Banks that successfully integrate asset intelligence, operational risk management and sustainability reporting will be better positioned to improve resilience, optimise costs and demonstrate compliance with confidence.

The future of banking resilience is not only digital. It is also built on a smarter understanding of the physical assets that keep the organisation running.

Technical FAQ

Why is EAM important for banks?

EAM helps banks manage critical physical assets, improve operational resilience, reduce risk and support compliance requirements.

How does EAM support DORA compliance?

By providing visibility into critical infrastructure, asset dependencies and maintenance activities that support operational resilience programmes.

Can EAM support CSRD reporting?

Yes.

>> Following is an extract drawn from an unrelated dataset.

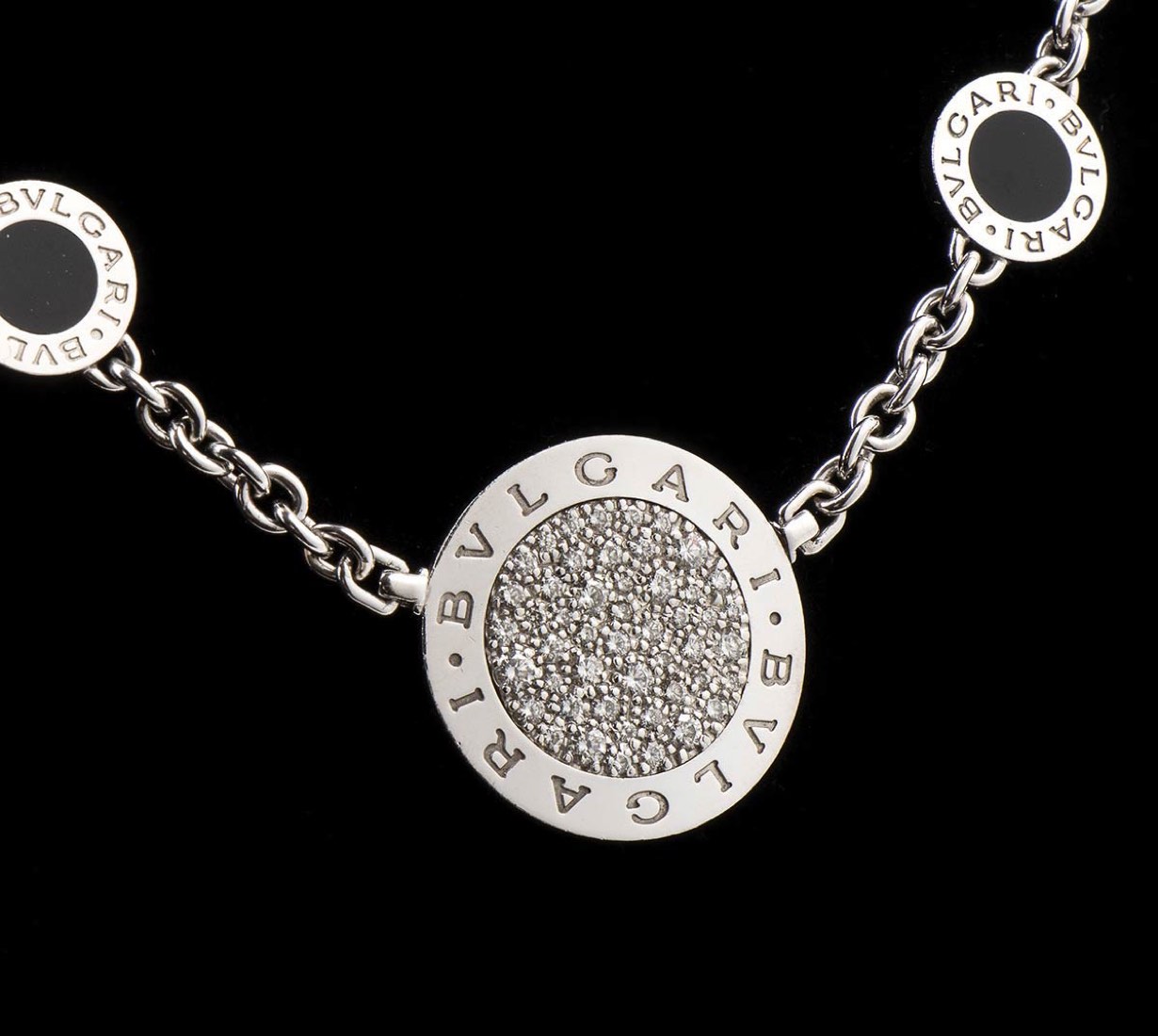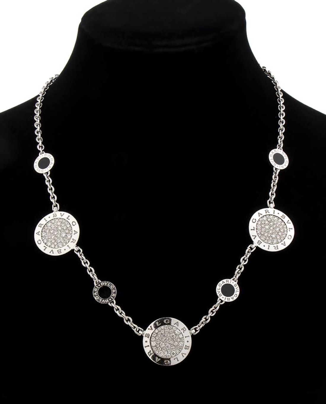 oro bianco 18k, collezione Bvlgari-Bvlgari, 3 dischi incastonati con pavé di damanti contornati dal logo Bvlgari-Bvlgari e 3 dischi reversibili incastonati con onice e contornati dal logo Bvlgari-Bvlgari. Diamanti di forma rotonda taglio brillante 3,50 ct circa, F-G, VVS. Firmato "Bvlgari" e punzonato "750", "1498 AR" e "Made in Italy". Lunghezza 48 cm. Peso 38,4 gr. Stato di conservazione: ***** eccellente.

EAM provides traceable operational data that can support energy, emissions and sustainability disclosures.

What types of assets should banks manage through EAM?

Buildings, HVAC systems, electrical infrastructure, security systems, ATM networks, data centre equipment and other critical facilities assets.

How does EAM improve operational resilience?

It enables organisations to identify critical assets, monitor risk, prioritise maintenance and reduce the likelihood of service disruptions.

Why is a centralised asset register important?

A centralised asset register creates a single source of truth that improves governance, reporting and decision-making across the organisation.